● **Raw data**:
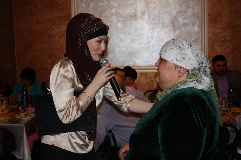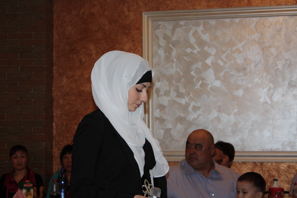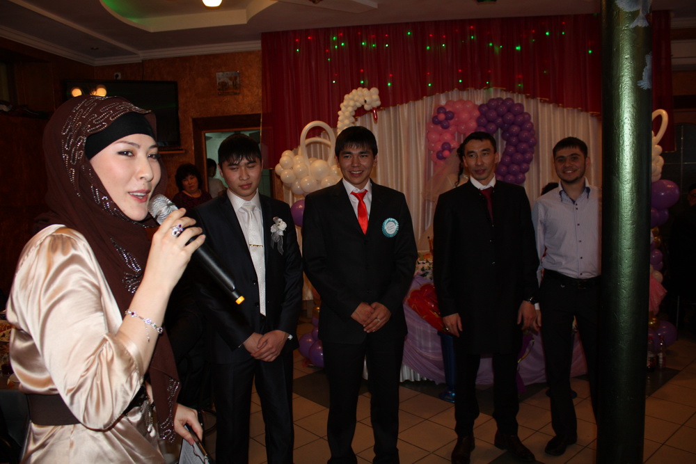 Приятным сюрпризом для молодоженов стал подарок, который «привезли» саратовские мусульмане в Ал-Гай. Молодым и гостям свадьбы была представлена праздничная программа, в которой блистали солистки из группы «Нур», сменяемые репризами и конкурсами в исполнении ведущей Айжан Садыковой.
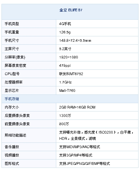 硬件方面,金立ELIFE S7搭载有1.7GHz主频的联发科MT6752八核处理器;手机内存为2GB,机身存储空间为16GB。此外,该机还支持 GSM/TD-SCDMA/TD-LTE/LTE FDD/WCDMA网络制式,支持移动和联通的3G/4G网络。
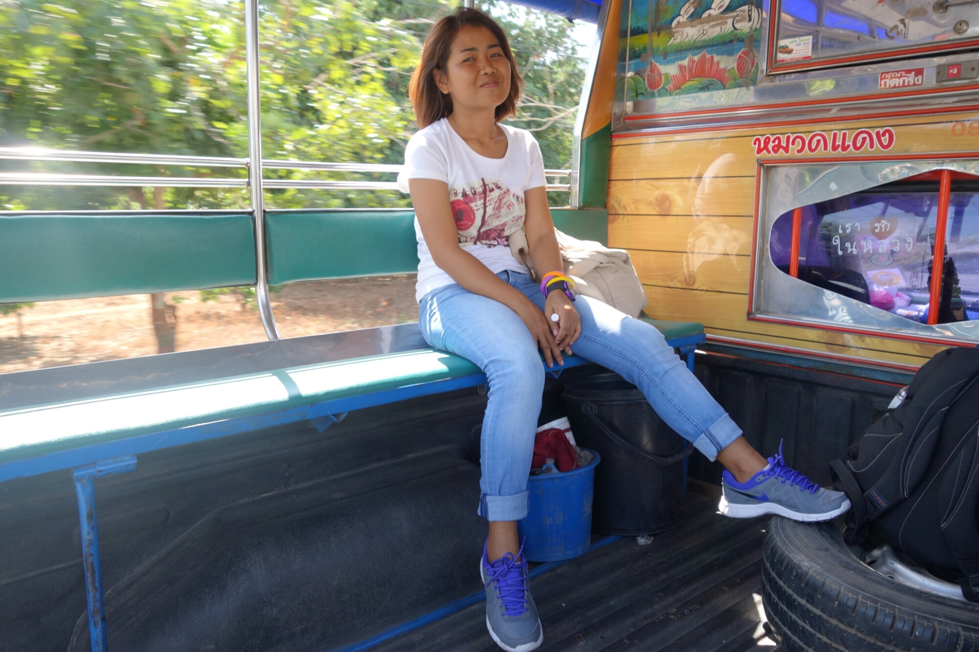 Auch spannend ist das Telefonat, welches eine ältere Thailänderin vor uns führt.
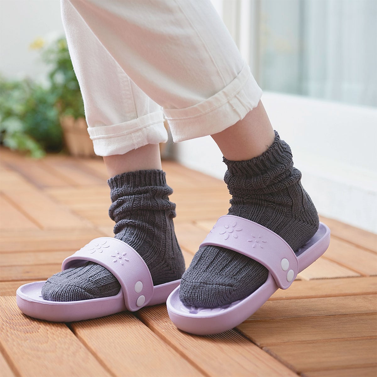 サンダルの向きを変えなくていいので、荷物を持っている時もサッと履くことができます。洗濯物をベランダで干す時やゴミ出しの時におすすめです。
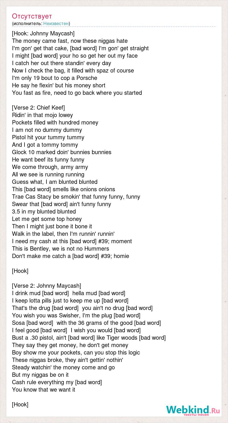 [Hook: Johnny Maycash] The money came fast, now these niggas hate I'm gon' get that cake, [bad word] I'm gon' get straight I might [bad word] your ho so get her out my face I catch her out there standin' every day Now I check the bag, it filled with spaz of course I'm only 19 bout to cop a Porsche He say he flexin' but his money short You fast as fire, need to go back where you started [Verse 2: Chief Keef] Ridin' in that mojo lowey Pockets filled with hundred money I am not no dummy dummy Pistol hit your tummy tummy And I got a tommy tommy Glock 10 marked doin' bunnies bunnies He want beef its funny funny We come through, army army All we see is running running Guess what, I am blunted blunted This [bad word] smells like onions onions Trae Cas Stacy be smokin' that funny funny, funny Swear that [bad word] ain't funny funny 3.5 in my blunted blunted Let me get some top honey Then I might just bone it bone it Walk in the label, then I'm runnin' runnin' I need my cash at this [bad word] #39; moment This is Bentley, we is not no Hummers Don't make me catch a [bad word] #39; homie [Hook] [Verse 2: Johnny Maycash] I drink mud [bad word] hella mud [bad word] I keep lotta pills just to keep me up [bad word] That's the drug [bad word] you ain't no drug [bad word] You wish you was Swisher, I'm the plug [bad word] Sosa [bad word] with the 36 grams of the good [bad word] I feel good [bad word] I wish you would [bad word] Bust a .30 pistol, ain't [bad word] like Tiger woods [bad word] They say they get money, he don't get money Boy show me your pockets, can you stop this logic These niggas broke, they ain't gettin' nothin' Steady watchin' the money come and go But my niggas be on it Cash rule everything my [bad word] You know that we want it [Hook]
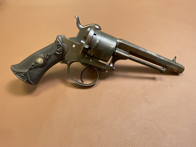 zum Verkauf steht ein originaler Stiftfeuerrevolver aus Dutschland im Kaliber 9mmLefaucheux -deutliche Alters und Gebrauchsspuren an der originalen Brünierung -6 Schusstrommel
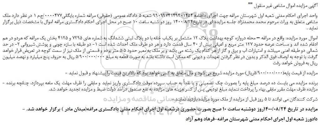 واحد اجرای احکام مدنی شعبه اول شهرستان مراغه جهت اجرای دادنامه 9909974149401454 شعبه 5 دادگاه عمومی (حقوقی) مراغه شماره بایگانی0000477/ج.م 1 در نظر دارد ملک مشاعی متعلق به وراث مرحوم محمد محمدنژاد جلسه مزایده ای در تاریخ1400/8/24 روز دو شنبه ساعت 10 صبح در محل اجرای احکام دادگستری مراغه اموال با مشخصات ذیل برگزار نماید .
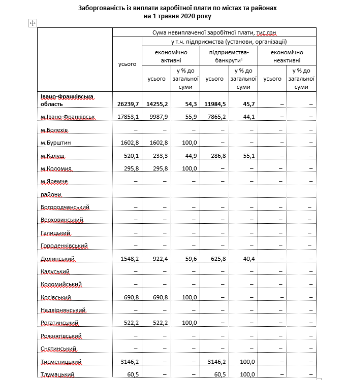 На 1 травня загальна сума заборгованості з виплати заробітної плати становила 26,2 млн грн, з неї 14,3 млн грн припадало на економічно активні підприємства.
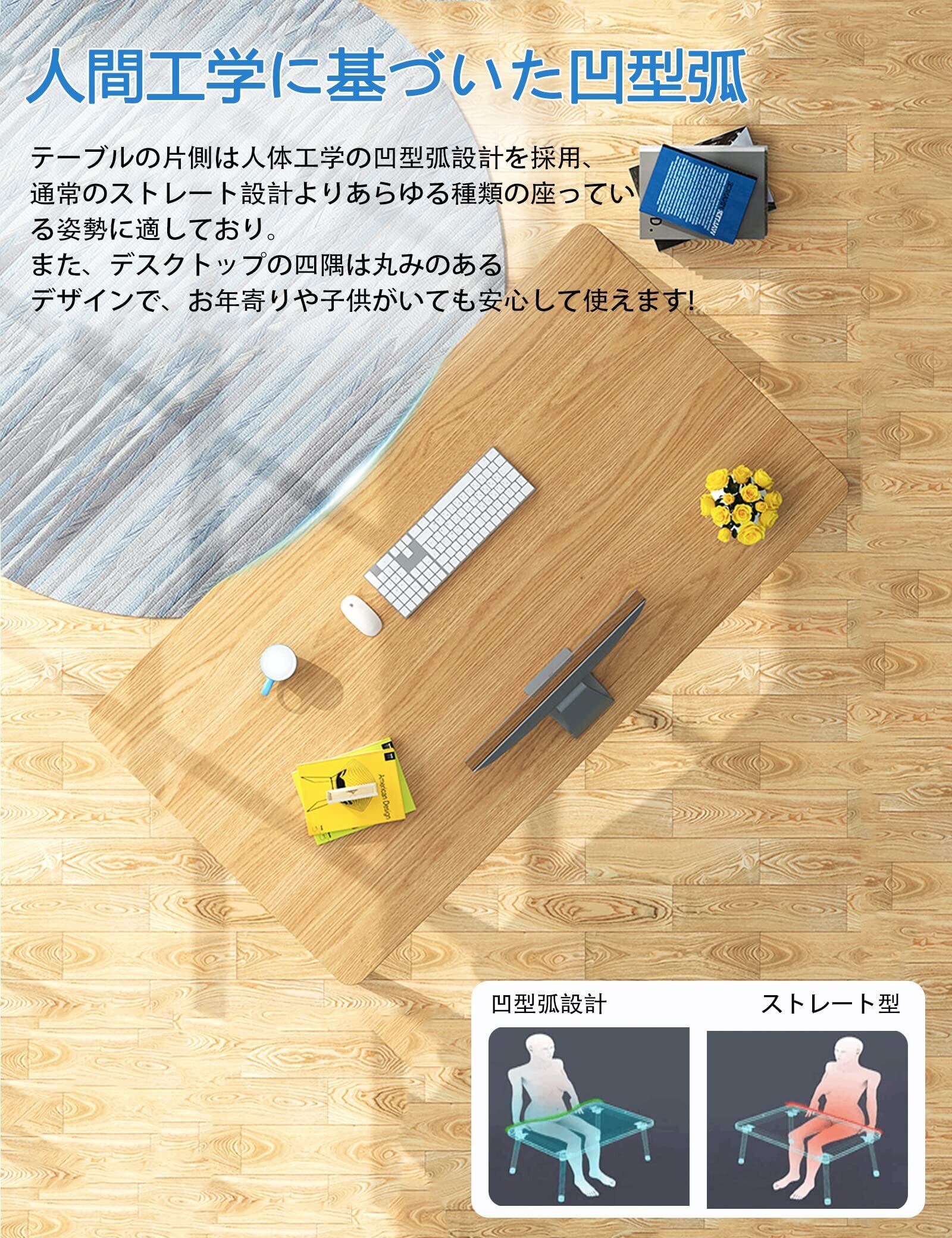 人間工学に基づいた凹型弧: テーブルの片側は人体工学の凹型弧設計を採用で、通常のストレート設計よりあらゆる種類の座っている姿勢に適しており。また、デスクトップの四隅は丸みのあるデザインで、お年寄りや子供がいても安心して使えます!

● **Problem statement**: A word-for-word copy of the lines from the one with "zum Verkauf steht" through the final line of the listing above is the whole answer, and it contains no pictures.

● **Written answer**:
 zum Verkauf steht ein originaler Stiftfeuerrevolver aus Dutschland im Kaliber 9mmLefaucheux -deutliche Alters und Gebrauchsspuren an der originalen Brünierung -6 Schusstrommel
 واحد اجرای احکام مدنی شعبه اول شهرستان مراغه جهت اجرای دادنامه 9909974149401454 شعبه 5 دادگاه عمومی (حقوقی) مراغه شماره بایگانی0000477/ج.م 1 در نظر دارد ملک مشاعی متعلق به وراث مرحوم محمد محمدنژاد جلسه مزایده ای در تاریخ1400/8/24 روز دو شنبه ساعت 10 صبح در محل اجرای احکام دادگستری مراغه اموال با مشخصات ذیل برگزار نماید .
 На 1 травня загальна сума заборгованості з виплати заробітної плати становила 26,2 млн грн, з неї 14,3 млн грн припадало на економічно активні підприємства.
 人間工学に基づいた凹型弧: テーブルの片側は人体工学の凹型弧設計を採用で、通常のストレート設計よりあらゆる種類の座っている姿勢に適しており。また、デスクトップの四隅は丸みのあるデザインで、お年寄りや子供がいても安心して使えます!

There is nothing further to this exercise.